*** Opening The data ***

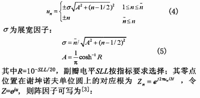 当u=2mπ,m=O,±1,…时,S取最大值,且m=0时为主瓣。为了实现低副瓣并使主瓣展宽,采用中心馈电从阵中到边缘幅度递减,按泰勒线源分布加权各缝隙,两边呈对称分布,其方向图零点位置由下式决定:
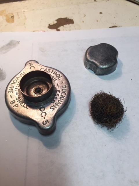 | Bonjour Paul, Ok. laisse la soupape Smiths (membrane neuve) utilisée conjointement avec le bouchon ventilé (photo tt en haut) et le cache culbu de type sans bossage/paille de fer. = système origine MK2 ;) |
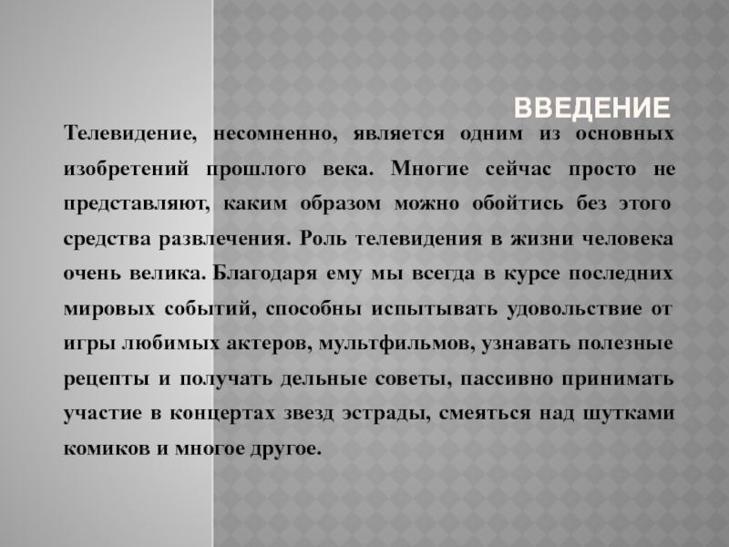 просто не представляют, каким образом можно обойтись без этого средства развлечения. Роль телевидения в жизни человека очень велика. Благодаря ему мы всегда в курсе последних мировых событий, способны испытывать удовольствие от игры любимых актеров, мультфильмов, узнавать полезные рецепты и получать дельные советы, пассивно принимать участие в концертах звезд эстрады, смеяться над шутками комиков и многое другое.
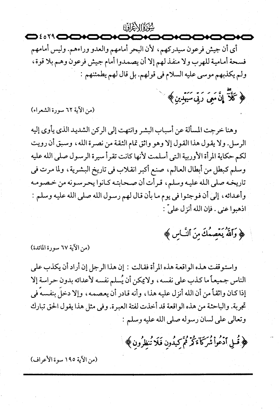 وهنا خرجت المسألة عن أسباب البشر وانتهت إلى الركن الشديد الذي يأوي إليه الرسل. ولا يقول هذا القول إلا وهو واثق تمام الثقة من نصرة الله، وسبق أن رويت لكم حكاية المرأة الأوروبية التي أسلمت لأنها كانت تقرأ سيرة الرسول صَلَّى اللَّهُ عَلَيْهِ وَسَلَّم َ كبطل من أبطال العالم، صنع أكبر انقلاب في تاريخ البشرية، ولما مرت في تاريخه صَلَّى اللَّهُ عَلَيْهِ وَسَلَّم َ، قرأت أن صحابته كانوا يحرسونه من خصومه وأعدائه، إلى أن فوجئوا في يوم ما بأن قال لهم رسول الله صَلَّى اللَّهُ عَلَيْهِ وَسَلَّم َ: «اذهبوا عني. فإن الله أنزل عليّ: {والله يَعْصِمُكَ مِنَ الناس ... } » [المائدة: 67] .

*** Closing The data ***

Work request -
Starting with the first line of the data above and ending with the line containing "просто не представляют, каким", please restate every line exactly, leaving images out.

Exercise result -
 当u=2mπ,m=O,±1,…时,S取最大值,且m=0时为主瓣。为了实现低副瓣并使主瓣展宽,采用中心馈电从阵中到边缘幅度递减,按泰勒线源分布加权各缝隙,两边呈对称分布,其方向图零点位置由下式决定:
 | Bonjour Paul, Ok. laisse la soupape Smiths (membrane neuve) utilisée conjointement avec le bouchon ventilé (photo tt en haut) et le cache culbu de type sans bossage/paille de fer. = système origine MK2 ;) |
 просто не представляют, каким образом можно обойтись без этого средства развлечения. Роль телевидения в жизни человека очень велика. Благодаря ему мы всегда в курсе последних мировых событий, способны испытывать удовольствие от игры любимых актеров, мультфильмов, узнавать полезные рецепты и получать дельные советы, пассивно принимать участие в концертах звезд эстрады, смеяться над шутками комиков и многое другое.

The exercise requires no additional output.